Aristolochia californica, California Pipevine, watercolor by Lee McCaffree, © 2016, all rights reserved. This painting by Lee was part of the "Weird, Wild & Wonderful" exhibition.

Aristolochia californica, California Pipevine, watercolor by Lee McCaffree, © 2016, all rights reserved. This painting by Lee was part of the “Weird, Wild & Wonderful” exhibition.

BAGSC member Lee McCaffree will be teaching two botanical art classes in March: one about how to finish a painting; the other about how to critique a work of art (and self-critique your own).

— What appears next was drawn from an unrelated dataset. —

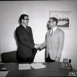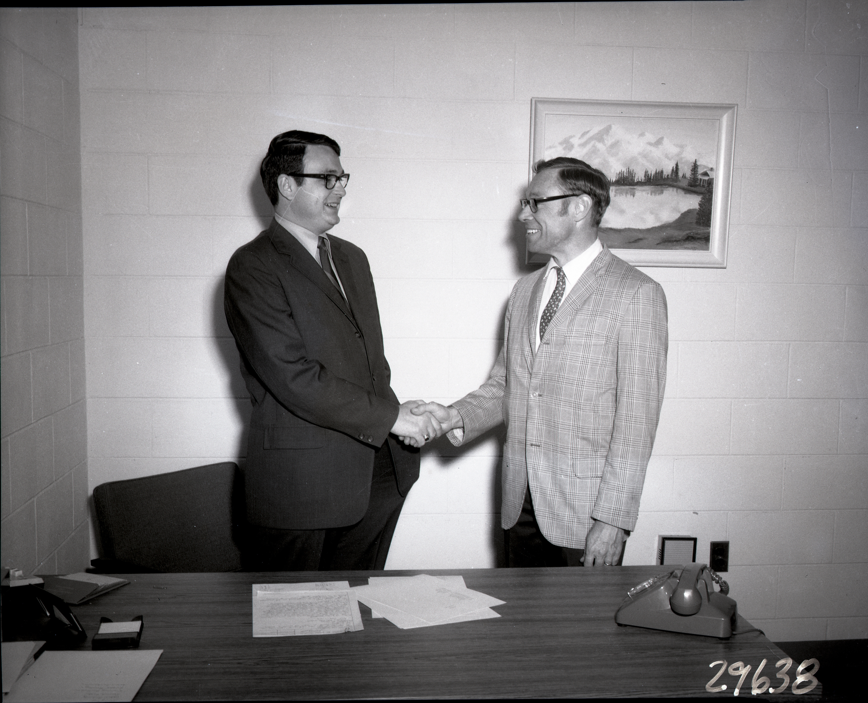 Two unidentified men, both with glasses and wearing suits, are pictured behind a desk in an office where they are shaking hands.

Both classes will be held at the Los Angeles Arboretum, from 9:30 am – 3:30 pm. Each of these important subjects will be conducted in a friendly, supportive, congenial atmosphere. Participants can take one class or both!

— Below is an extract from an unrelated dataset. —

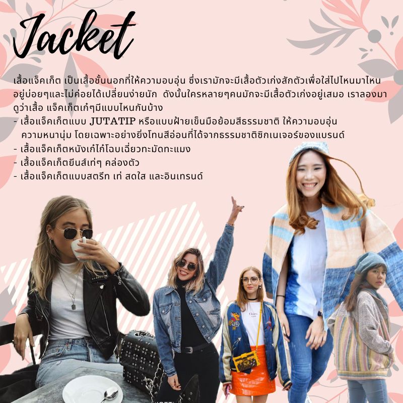 เสื้อแจ็คเก็ตเป็นเสื้อชั้นนอกที่ให้ความอบอุ่น ซึ่งเรามักจะมีเสื้อตัวเก่งสักตัวเพื่อใส่ไปไหนมาไหนอยู่บ่อยๆและไม่ค่อยได้เปลี่ยนง่ายดังนั้นใครหลายๆคนมักจะมีเสื้อตัวเก่งอยู่เสมอ เราลองมาดูว่าเสื้อ แจ็คเก็ตเก๋ๆมีแบบไหนกันบ้าง

Cost: One class: BAGSC members, $100.00/non-members, $120.00Both classes: BAGSC members, $200.00/non-members, $240.00

Maximum number of participants (in each class): 15

Saturday, March 19, 2016 A Painting! What Do You See?

We will investigate ways to critique a work of art. Personal experience shapes what we see. By using different techniques to view paintings the observer will have more ways to analyze with objective eyes. We will use many published works as well as class members’ works to practice these methods. Topics will include subject matter, botanical accuracy, painting skills, light source, color, form and compositional structure, balance and space. We will work cooperatively by sharing ideas to make this a positive experience for each artist to learn about their own work. Class time will include individual opportunities for making improvements on work in progress.

Materials list:

  1. Copies of 2 paintings (not yours) that you like

  2. 2 paintings (of yours), unfinished or finished, to share in critiques

  3. Tracing paper

  4. Your usual art supplies for your paintings, any media

Sunday, March 20, 2016 Completing a Painting

How do you know your art work is finished?  Sometimes it is just a feeling that the painting is finished or something isn’t quite right. Good observation helps one see if a painting needs improvement, whether it is nearly finished or in progress. It is important to keep a freshness and avoid overworking. The artist needs to be objective in looking at their images. We will work with each other to see our work through another’s eye. Questions to consider will include: Where is my focal point? Do I have enough value change? Do the plant parts have volume and perspective? Are they botanically correct? Where has the paint or pencil gone astray either on my plant edges or in the negative space?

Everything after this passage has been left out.